AstraZeneca Q1 2025: Performance Catalysts Explode, $1.8 Billion in Revenue from China Market

On April 29, AstraZeneca announced its Q1 2025 financial report, with total quarterly revenue of $13.588 billion (+10%), of which product revenue was $12.875 billion (+9%), driven primarily by double-digit growth in oncology and biopharmaceuticals.

By regional distribution, Q1 2025 revenue from the U.S. market was $5.646 billion (+10%), while revenue from China was $1.805 billion (+5%), accounting for 13% of AstraZeneca's global market share.

In oncology, the best-selling Tagrisso (Osimertinib) achieved a quarterly sales revenue of $1.679 billion (+8%); Imfinzi (Durvalumab), Lynparza (Olaparib), Calquence (Acalbrutinib), and Enhertu (Trastuzumab deruxtecan) also saw growth; with the addition of regions handled by Taiho Pharmaceutical, Enhertu's global sales for Q1 2025 were $1.086 billion.

Among new products launched in the past two years, the globally first-in-class AKT inhibitor Truqap (Capivasertib) showed strong growth, with Q1 2025 sales reaching $132 million; AstraZeneca’s second ADC product, Datroway (Daratumumab), is still in its early stages, with Q1 2025 sales of $4 million.

At the time of the earnings release, AstraZeneca also announced the termination of the Phase III CAPItello-280 study, which aimed to evaluate Truqap (Capivasertib) in combination with docetaxel and androgen deprivation therapy (ADT), comparing it to docetaxel and ADT combined with a placebo in metastatic castration-resistant prostate cancer (mCRPC) patients.

The CAPItello-280 study was a global, randomized, double-blind Phase III trial involving 1,033 mCRPC patients whose disease continued to progress despite ADT treatment. The primary endpoints were radiographic progression-free survival (rPFS) and overall survival (OS) as assessed by investigators.

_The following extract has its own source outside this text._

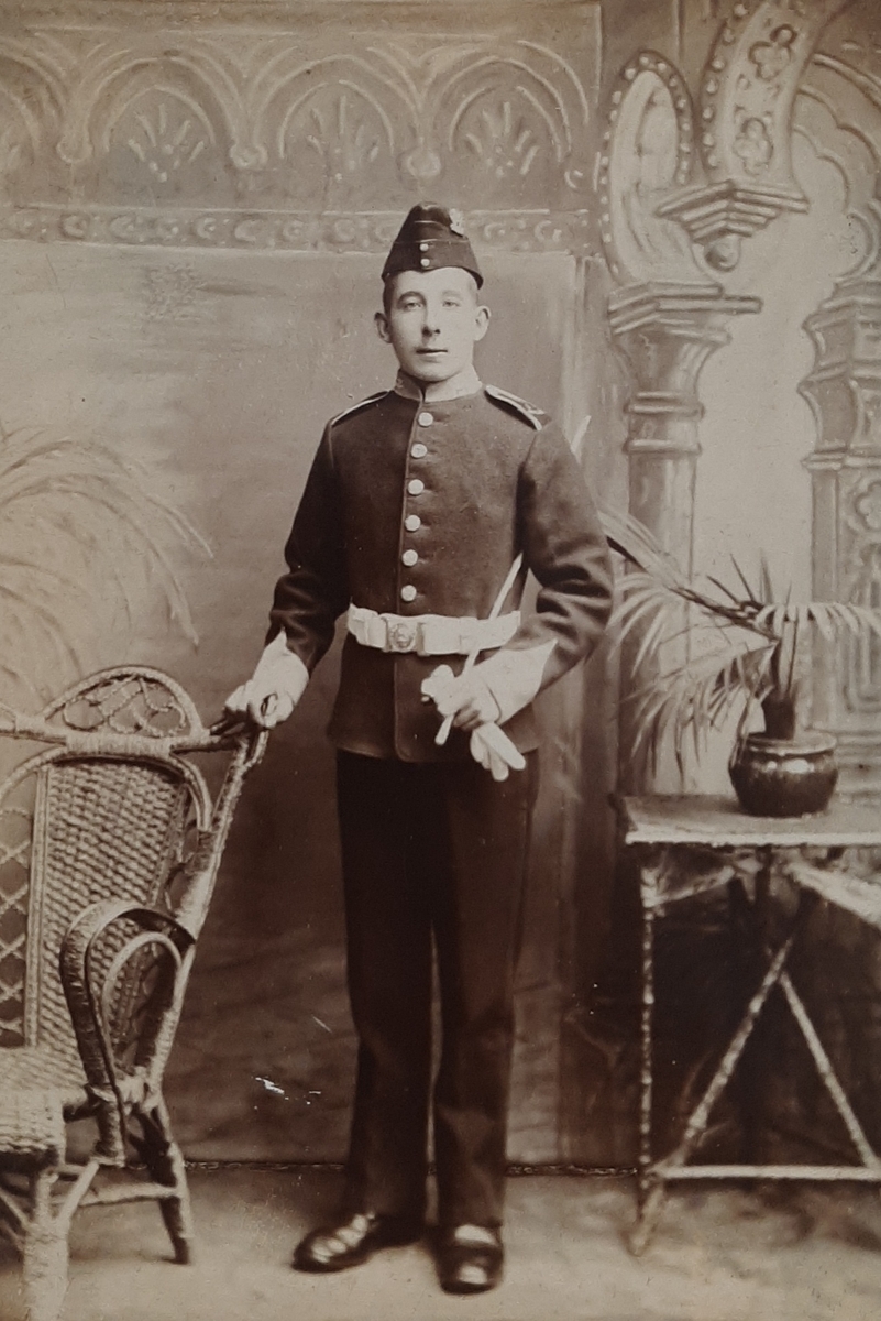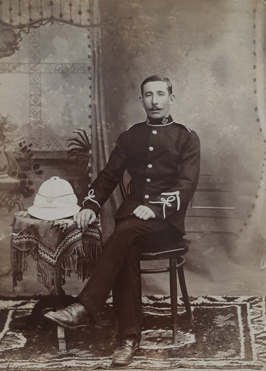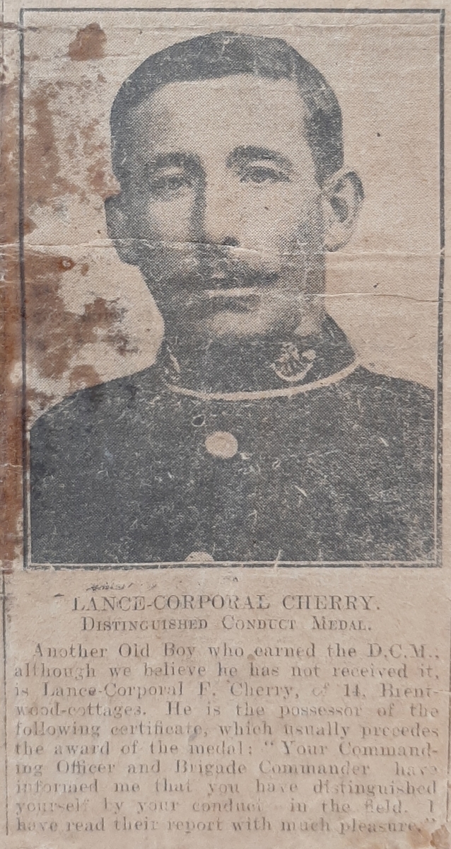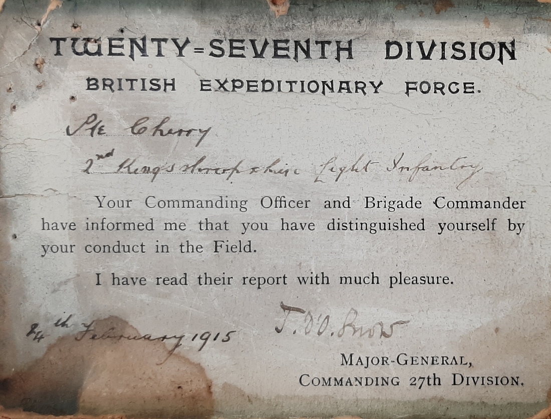 Frederick William Cherry was born at Greenwich on 27 March 1888, the son of Henry Cherry. A postman, he enlisted at Woolwich in the Shropshire Light Infantry on 29 October 1907 and served with them during the Great War before he was wounded by a shell burst receiving injuries to his head, shoulder and leg on 23 June 1915. Earlier he had been awarded a 27th Division commendation card in appreciation of services rendered in the field on 24 February 1915, this accompanies the group. He then transferred to the Labour Corps and was allotted a new number, 266133.

AstraZeneca stated that the decision to terminate the CAPItello-280 study was based on the recommendation of the Independent Data Monitoring Committee (IDMC), which concluded after reviewing the pre-specified interim analysis data that the combination of Truqap was unlikely to meet the dual primary endpoints of rPFS and OS at the end of the study. Truqap’s safety profile was consistent with previous studies.

In the CVRM (Cardiovascular, Renal, and Metabolic) field, the cornerstone product Farxiga (Dapagliflozin) continued to perform well, with Q1 2025 revenue of $2.058 billion (+16%). In the Respiratory and Immunology (R&I) field, the asthma drug Tezspire (Tezepelumab) showed impressive growth, with Q1 2025 revenue of $217 million (+85%).

AstraZeneca CEO Pascal Soriot said during the earnings release: “Our strong growth momentum has continued into 2025, and we are now entering an unprecedented period rich in catalysts. This year, we have already announced five positive Phase III study results, including the highly anticipated DESTINYBreast09 study of Enhertu, as well as the SERENA-6 study of camizestrant and the MATTERHORN study of Imfinzi; the latter two studies will be presented at the 2025 ASCO Annual Meeting, highlighting the significance of these data in the oncology field.

Our company is firmly committed to investing and developing in the U.S., and we will continue to benefit from our broad range of revenue sources and global production footprint, including 11 manufacturing sites in the U.S. covering small molecules, biologics, and cell therapies. In addition, we plan to further invest in U.S. production and R&D, leveraging two large R&D centers located in Gaithersburg, Maryland, and Cambridge, Massachusetts. Overall, we are making progress towards our ambitious goal of achieving $80 billion in total revenue by 2030.”